Personal information
- Nationality: Irish
- Born: 9 November 1998 (age 27) Dublin
- Education: Belvedere College Dublin City University University of Washington

Sport
- Country: Ireland
- Sport: Athletics
- Events: 5000m 3000m steeplechase
- Club: Raheny Shamrock Athletic Club

Achievements and titles
- Personal bests: 3000m: 7:34.48 (London, 2024) 5000m: 13:01.40 (Heusden, 2023) (NR) 3000m steeplechase: 8:29.75 (Budapest, 2021) 10,000m: 27:43.45 (California, 2024)

Medal record
Men's athletics
Representing Ireland
European Cross Country Championships
| Silver medal – second place | 2025 Lagoa | Team |

= Brian Fay (runner) =

Irish long-distance runner

Brian Fay (born 9 November 1998) is an Irish long-distance runner. He has been the Irish national champion at cross country running and the 3000m steeplechase, as well as the Irish national record holder over 5000 metres.

==Early life==
Fay grew up in Glasnevin, as one of quadruplets, and attended Belvedere College where he was coached by Ronan Duggan and where former Olympian Phil Conway was also involved in coaching. He was then coached by Feidhlim Kelly at Dublin City University. He then attended the University of Washington in 2021, where he was coached by Andy Powell. In 2023, he returned to Dublin and the coaching of Feidhlim Kelly at the Dublin Track Club.

==Career==
===2021===
Competing in Manchester in May 2021, Fay ran the fastest 3000m steeplechase by an Irishman for 36 years. He ran a time of 8:33.93, placing him fourth on the all-time Irish list. He lowered his personal best time to 8:29.75 competing in Tatabanya, Hungary in June 2021. That month he also won the Irish national title in the discipline at the Morton Track in Dublin.

===2022===
Fay finished eighth at the 2022 European Athletics Championships 5000 metres race.

===2023===
In July 2023, Fay broke the Irish 5000m record, running 13:01.40 at the Night of Athletics meeting in Heusden, Belgium. This was two seconds faster than the previous record, held by Alistair Cragg since September 2011. Fay finished second in the race, won by Kenya's Cornelius Kemboi. The time met the qualifying standard for the 2023 World Athletics Championships in Budapest and the 2024 Paris Olympics. He competed in Budapest at the 2023 Worlds and ran 13:42 without qualifying for the final.

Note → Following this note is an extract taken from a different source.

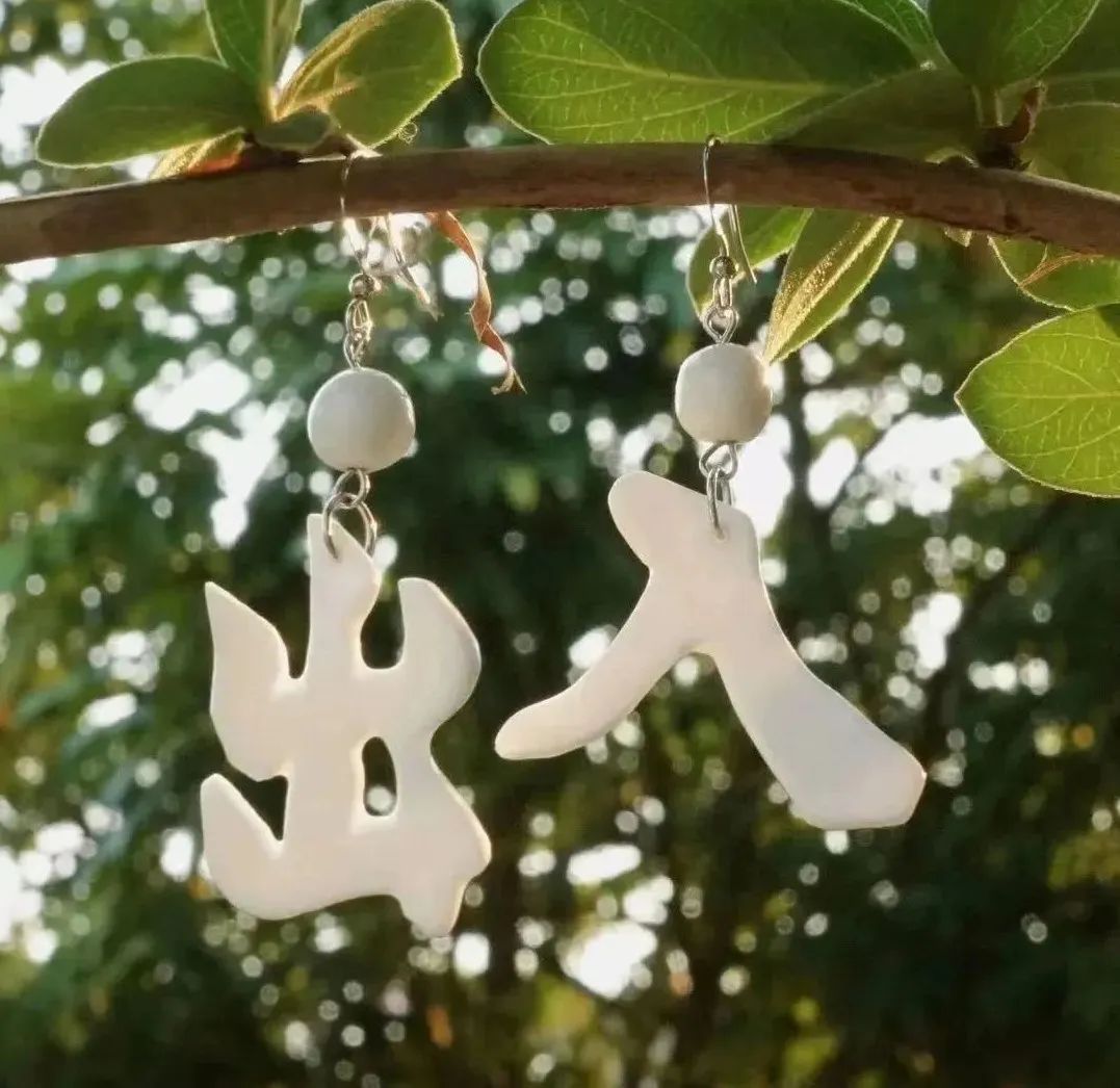 ▲小羊制作的陶瓷耳环,寓意为“左耳进右耳出”

In November 2023, he was part of the Irish team which finished fourth in the team event at the 2023 European Cross Country Championships in Brussels.

===2024===
He was selected for the Irish team for the 2024 European Athletics Championships. He ran a personal best 7:34.48 for the 3000 metres at the London Athletics Meet on 20 July 2024. He competed in the 5000 metres at the 2024 Summer Olympics in Paris in August 2024.

===2025===
He finished tenth in the 5000 metres at the 2025 Shanghai Diamond League event in China on 3 May 2025. He was selected for the 2025 European Athletics Team Championships Second Division in Maribor in June 2025. He was runner-up to Andrew Coscoran in the 5000m at the 2025 Irish Athletics Championships. In September 2025, he competed over 5000 metres at the 2025 World Championships in Tokyo, Japan, without advancing to the final.

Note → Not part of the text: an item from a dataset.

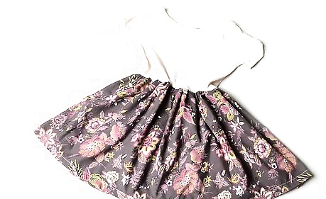 Choose your shirt and skirt material. This style of dress has a bodice and a gathered skirt. Choose a fitted T-shirt that fits you well without stretching too much. Next, choose a material for the skirt. You can use matching cotton fabric, jersey fabric, or a large, baggy T-shirt. The colors and patterns can match, or they can be different. For an interesting look, try a solid-colored shirt with pattered cotton for the skirt.

Fay won the Irish National Cross Country Championships held in Derry on 23 November 2025, finishing ahead of Nick Griggs and Cormac Dalton. Fay helped the Irish men's team to a silver medal at the 2025 European Cross Country Championships in Lagoa, Portugal on 14 December 2025, placing tenth overall in the men's individual race, the second Irishman home after Jack O'Leary.

===2026===
Fay was selected for the 2026 World Athletics Cross Country Championships in Tallahassee, where he placed 16th overall. On 26 July, he placed third overall behind Darragh McElhinney and Jack O'Leary in the 5000 metres at the 2026 Irish championships. In August, he competed at the 2026 European Athletics Championships in Birmingham, England, in the 5000 metres, placing fourteenth.